During a Monday interview, Kreiss-Tomkins said he will be running again this October, but he will no longer represent Haines due to redistricting.
“It’s a way to try to help make Alaska a better place. It’s immensely gratifying work,” Kreiss-Tomkins said. “There are huge numbers of problems to be solved.”
Items still on his to-do list included restoring education funding, crafting a more responsible capital budget and continuing to support the revitalization of Native languages.
Like fellow Sitkan Sen. Bert Stedman, R-Sitka, Kreiss-Tomkins didn’t have a rosy picture to paint for funding of Haines projects.
“It’s just going to get worse,” Kreiss-Tomkins said, pointing to the legislature’s plan to phase out municipal revenue sharing entirely by 2020.
Kreiss-Tomkins, who does not support reducing or eliminating revenue-sharing, said Railbelt legislators are pushing the program’s curtailment as a cost-cutting measure.
“People from the Railbelt support that because they sort of have less of a connection with the communities they represent,” Kreiss-Tomkins said. “Whereas (Stedman) and myself have relationships with a whole bunch of mayors and are much more intimately familiar with the finances of those communities and the importance revenue-sharing plays.”
The Haines Borough Assembly is talking about ramping up Juneau lobbying efforts, but Kreiss-Tomkins said that probably won’t do anything to get the town more funding.
“I’m not sure having a lobbyist would necessarily change anything,” he said.
Kreiss-Tomkins said one step toward restoring funding to communities is repealing SB 21, which gave tax cuts to oil companies in the hopes of stimulating investment and exploration.
Funding of large megaprojects including the Knik Arm Bridge and Toll Authority and the Juneau Access Project are also siphoning money off other programs and projects.
“The fact is right now the legislature got a whole lot more conservative after the 2012 election,” Kreiss-Tomkins said. “So (they) cut revenue sharing, cut behavioral health, underfund education and fund these megaprojects that will have dubious payoffs.”
This session, Kreiss-Tomkins succeeded in helping local distiller Heather Shade pass a bill allowing Alaska distilleries to offer samples and sell their products on the premises.
After a Chamber of Commerce lunch in March, Shade pulled Kreiss-Tomkins aside and took him to Port Chilkoot Distillery in Fort Seward. “She showed me around and talked to me about some of the frustrations she had,” Kreiss-Tomkins said.

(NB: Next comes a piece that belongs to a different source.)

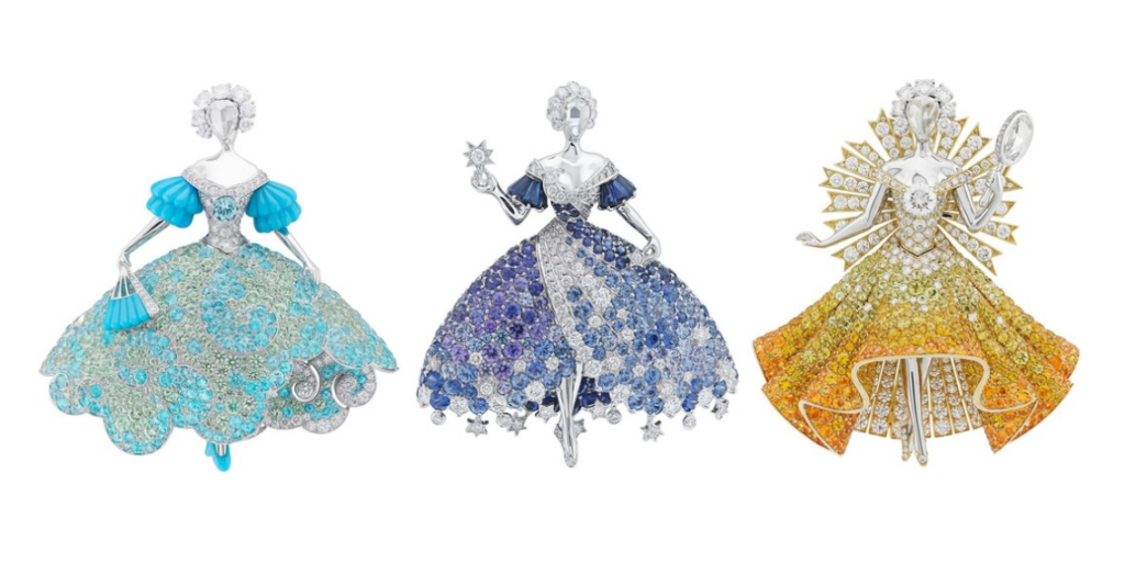 Les broches « Robe couleur du temps », « Robe couleur de la lune » et « Robe couleur du soleil » (La forêt). Ils sont réalisés en or blanc et or jaune, diamants, tourmalines, turquoises, saphirs de couleurs. Photo : VCA

The laws, Kreiss-Tomkins said, were old and “dilapidated,” so he decided to co-sponsor a bill to change them.
“She can’t give away samples. She can’t sell any product from the distillery. Basically, we passed a bill that makes the same laws that apply to craft breweries apply to craft distilleries,” Kreiss-Tomkins said.
Kreiss-Tomkins said he was also glad his bill, HB 216, passed. The bill, which was largely symbolic, officially recognized 20 Alaska Native languages and put them on par with English.
“It acknowledges that Alaska Native languages are just as Alaskan as English. It means a tremendous amount for those that are working to revitalize Native languages around the state,” Kreiss-Tomkins said.